> About this exercise
Would you copy only the lines below, from the one containing "Nel quadro dei" through the very last one, leaving the pictures out?

> Provided information
__________
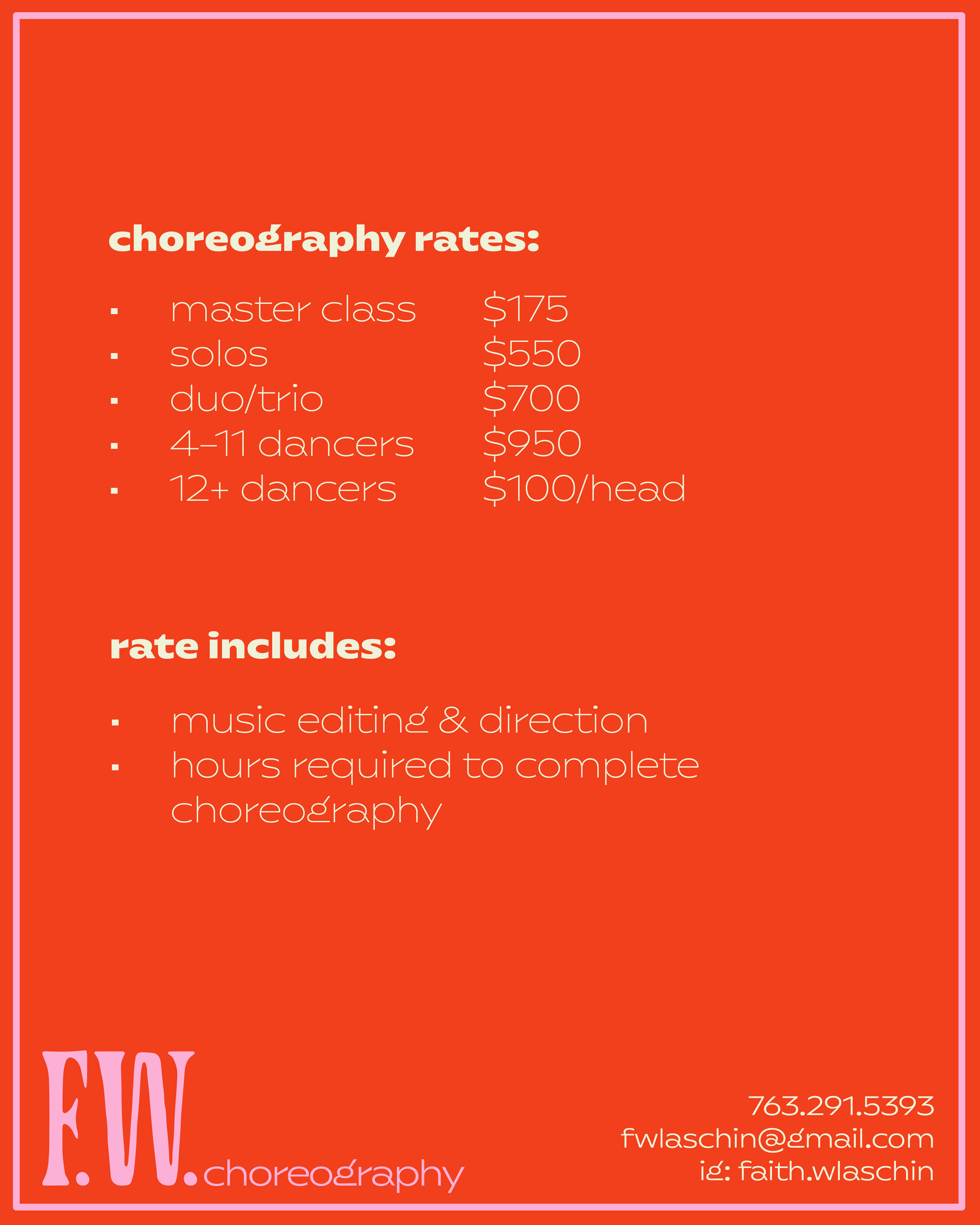 Faith Wlaschin is an award-winning choreographer and dancer based in Minneapolis, Minnesota. She trained at the Saint Paul Conservatory of Performing Artists, where she developed a strong foundation in both performance and choreography. In 2019, she was crowned Miss Showbiz and Miss National Masquerade.
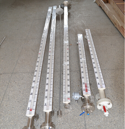 液位計根據浮力原理,浮子在測量管內隨液位的升降而上下移動,浮子內的永久磁鋼通過磁耦合作用,驅動紅、白色翻柱翻轉180’液位上升時,翻柱由白色轉為紅色,下降時,翻柱由紅色轉為白色,從而實現液位的指示。
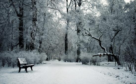 Обои Скамейка в зимнем парке
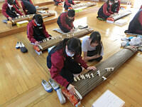 1年生の筝の授業がありました。外部の講師の方に来ていただ、筝についていろいろ学びました。また、演奏の仕方についても学び、実際に演奏しました。はじめは、ぎこちなかった演奏も、後半では、びっくりするくらい上達していました。最後には、全員で「さくらさくら」を演奏しました。
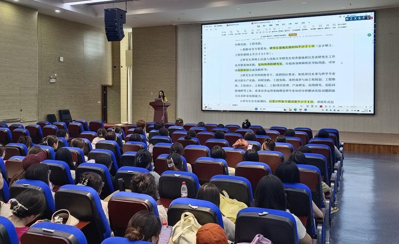 研究生培养秘书田然老师针对基地实践期间的学籍管理、论文工作环节和日常生活管理等方面向同学们做了详细解读。在基地实践期间,每位研究生需听取规定次数的专题讲座,登陆系统填写各环节日志和记录,同时与校内校外双导师保持紧密联系、推进学位论文撰写工作。在日常生活管理方面,田老师提醒各位同学认真学习《永利集团3044欢迎光临全日制专业学位硕士研究生基地实践手册》,遵守学校和基地单位双方的制度规定,注意用水用电安全。
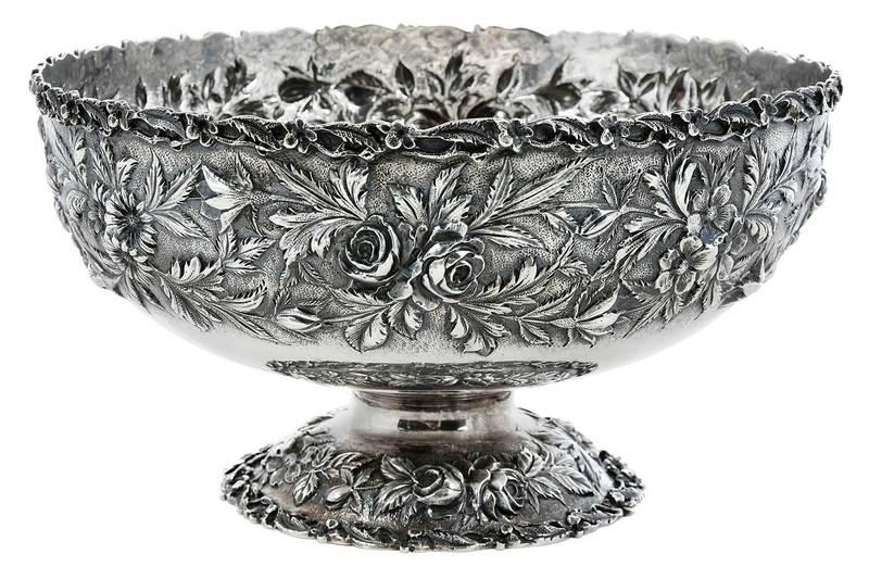 Vintage Silver Plated Footed Centrepiece BowlGeorge III English Silver Punch BowlMar 25, 2026Russian .875 Silver Bowl,LARGE MAUSER STERLING RETICULATED CENTERPIECEMar 24, 2026London 1830 by Robert Hennell III A William IV sterling silver sugar bowlSanborns Sterling Silver Centerpiece Bowl,Mueck-Carey Weighted Sterling "Royal Rose" Dish - 129.6 g9 hrs LeftElegant Handmade 925 Sterling Silver Fruit Bowl Centerpiece1 day LeftCut Crystal Compote Centerpiece Bowl Sawtooth RimMar 28, 2026Kirk Repousse Sterling PlateMar 26, 2026S. Kirk & Son Repousse Water Goblet Sterling 72 F Hand DecoratedApr 26, 2026Impressive Sterling Silver Wine CisternMar 29, 2026S. Kirk & Son "Four Seasons" Sterling Silver BowlMar 28, 2026Arthur Stone Sterling Silver Bowl2 days LeftEnglish Sterling Two Handled BowlMar 25, 2026Persian Chased 875-Silver Pierced Pedestal Centerpiece, Probably Isphahan, Mid-20th Century, Height:Mar 27, 2026
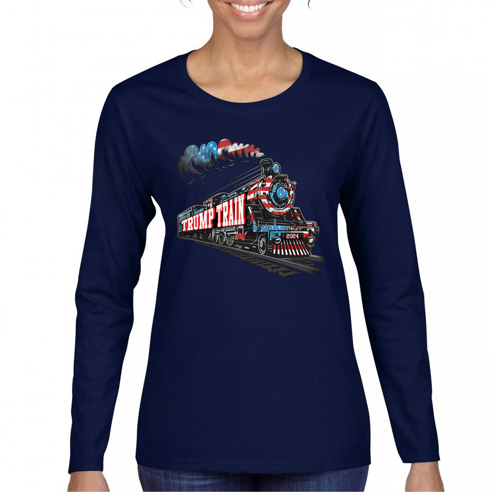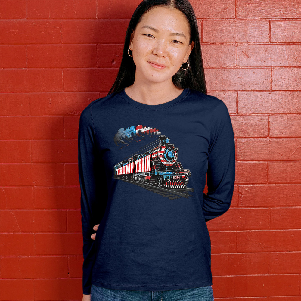 Hop on the Trump Train and support America First! This bold, patriotic tee is perfect for Republicans, conservatives, and the Red Wave movement.
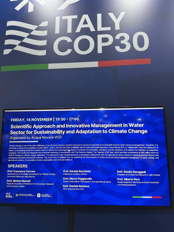 Nel quadro dei lavori della Cop30, il padiglione italiano ha ospitato ieri un evento dedicato agli investimenti per l’adattamento al cambiamento climatico, organizzato in collaborazione con Acqua Novara.VCO. L’iniziativa ha evidenziato come la definizione delle politiche e delle infrastrutture per la gestione della risorsa idrica debba necessariamente poggiare su dati solidi e su un approccio scientifico rigoroso.
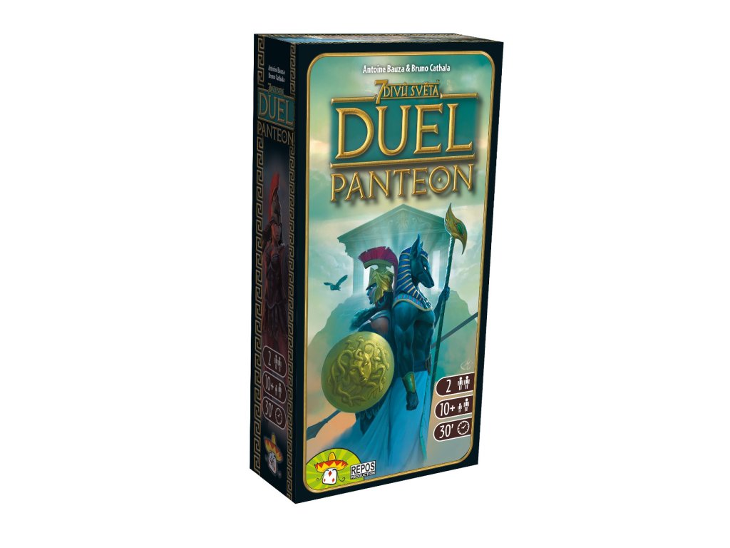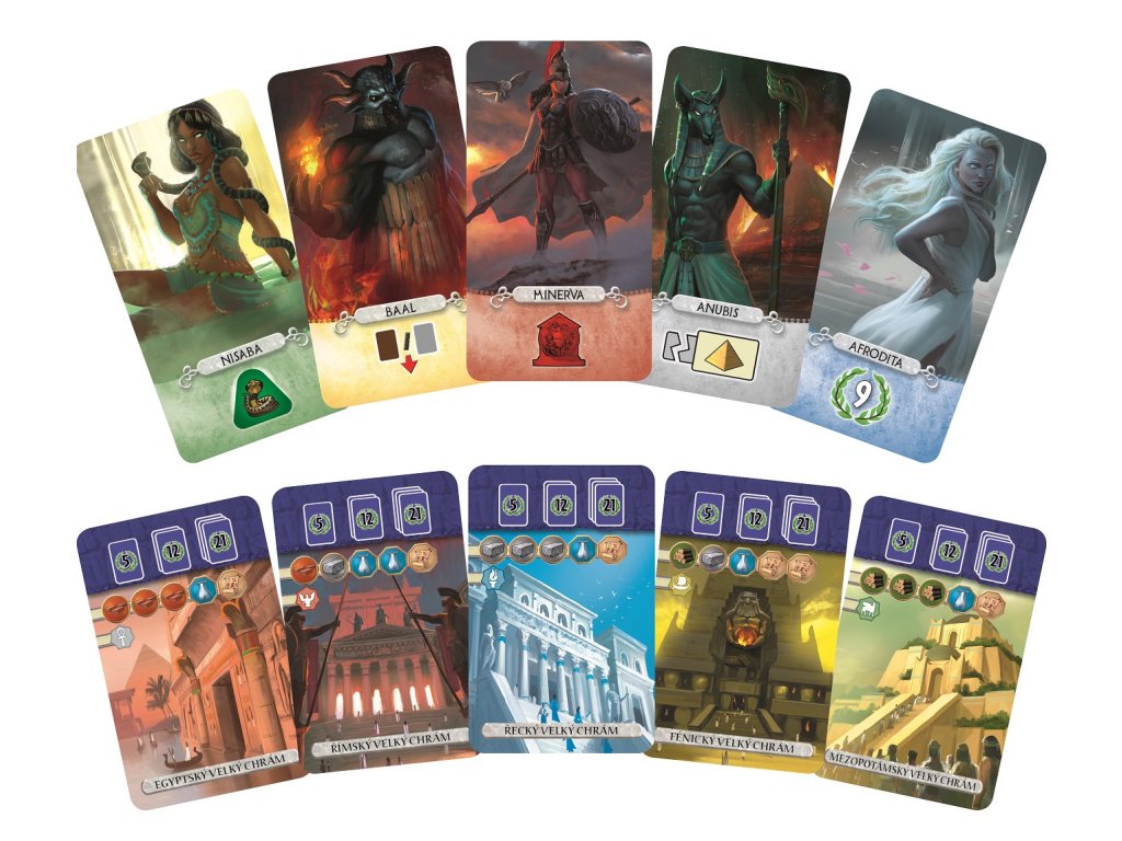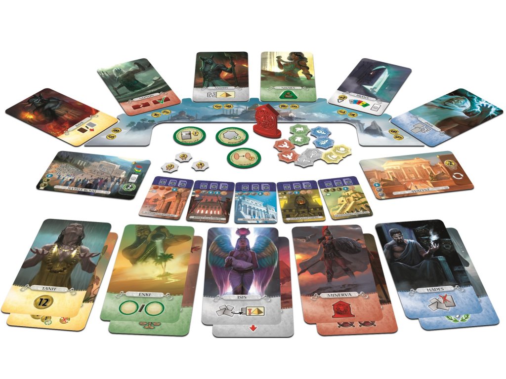 Obsah balení: 1 deska panteonu, 15 karet božstev, 1 karta brány, 5 karet velkého chrámu, 2 karty divů, 10 žetonů mytologie, 3 žetony obětin
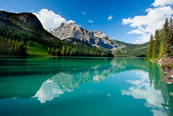 期待をはるかに超える美しさは、カナディアンロッキー観光で必ず立寄るべきスポットよ!湖畔に生い茂るマツの香りを楽しみながら贅沢なハイキングなんかもいんじゃなぁい!?
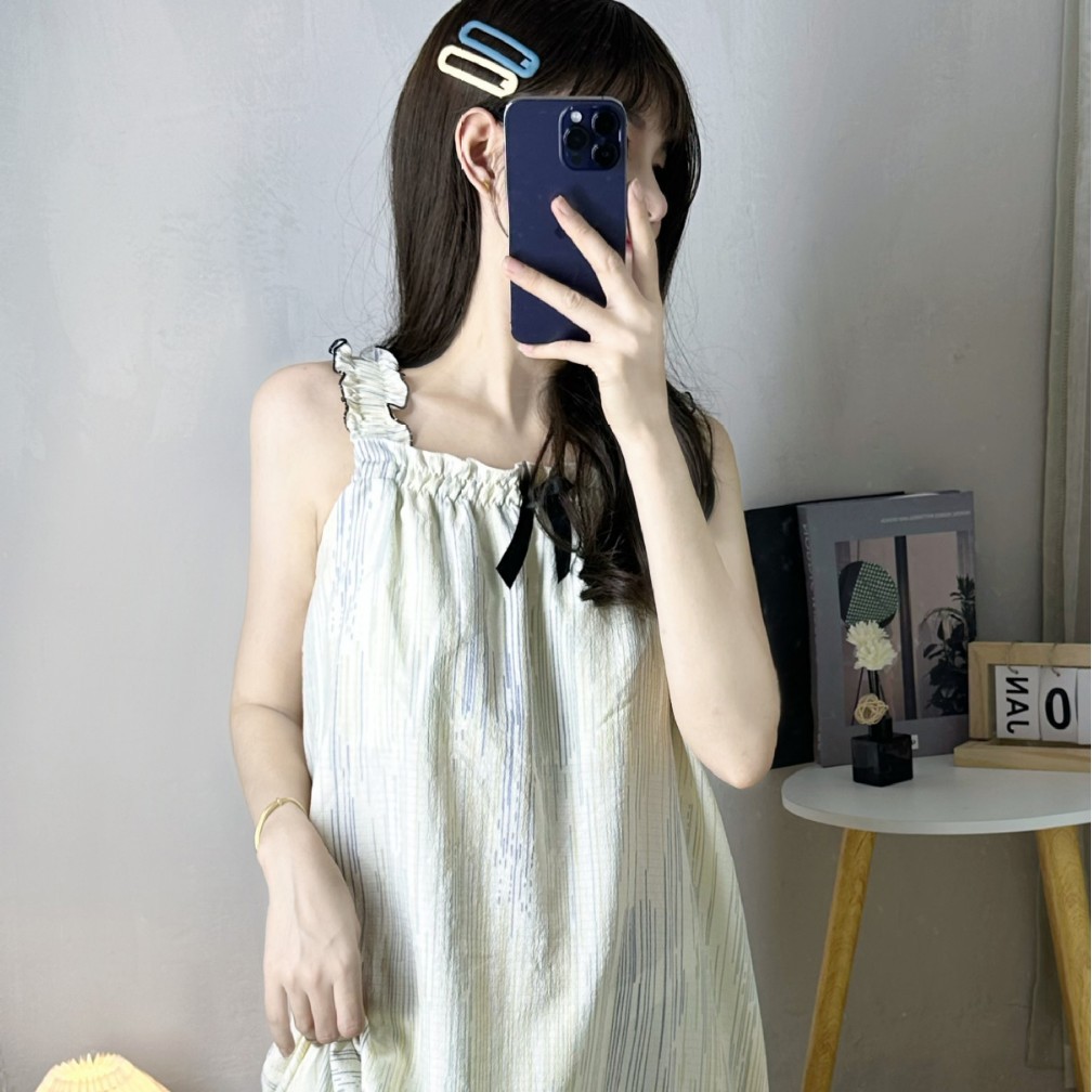 Gaun malam wanita, Ruffled tali katun gaya peri siswa wanita rompi piyama keren katun tali renda
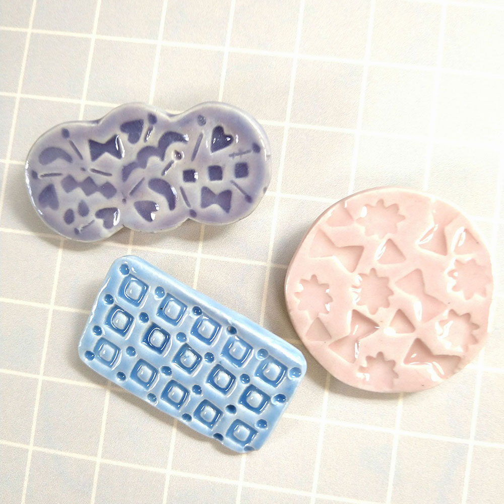 好きな形の陶プレートに、陶印(作家オリジナルの陶のハンコ)を自由にレイアウトして押してデザインします。
__________
> Result for this task
 Nel quadro dei lavori della Cop30, il padiglione italiano ha ospitato ieri un evento dedicato agli investimenti per l’adattamento al cambiamento climatico, organizzato in collaborazione con Acqua Novara.VCO. L’iniziativa ha evidenziato come la definizione delle politiche e delle infrastrutture per la gestione della risorsa idrica debba necessariamente poggiare su dati solidi e su un approccio scientifico rigoroso.
 Obsah balení: 1 deska panteonu, 15 karet božstev, 1 karta brány, 5 karet velkého chrámu, 2 karty divů, 10 žetonů mytologie, 3 žetony obětin
 期待をはるかに超える美しさは、カナディアンロッキー観光で必ず立寄るべきスポットよ!湖畔に生い茂るマツの香りを楽しみながら贅沢なハイキングなんかもいんじゃなぁい!?
 Gaun malam wanita, Ruffled tali katun gaya peri siswa wanita rompi piyama keren katun tali renda
 好きな形の陶プレートに、陶印(作家オリジナルの陶のハンコ)を自由にレイアウトして押してデザインします。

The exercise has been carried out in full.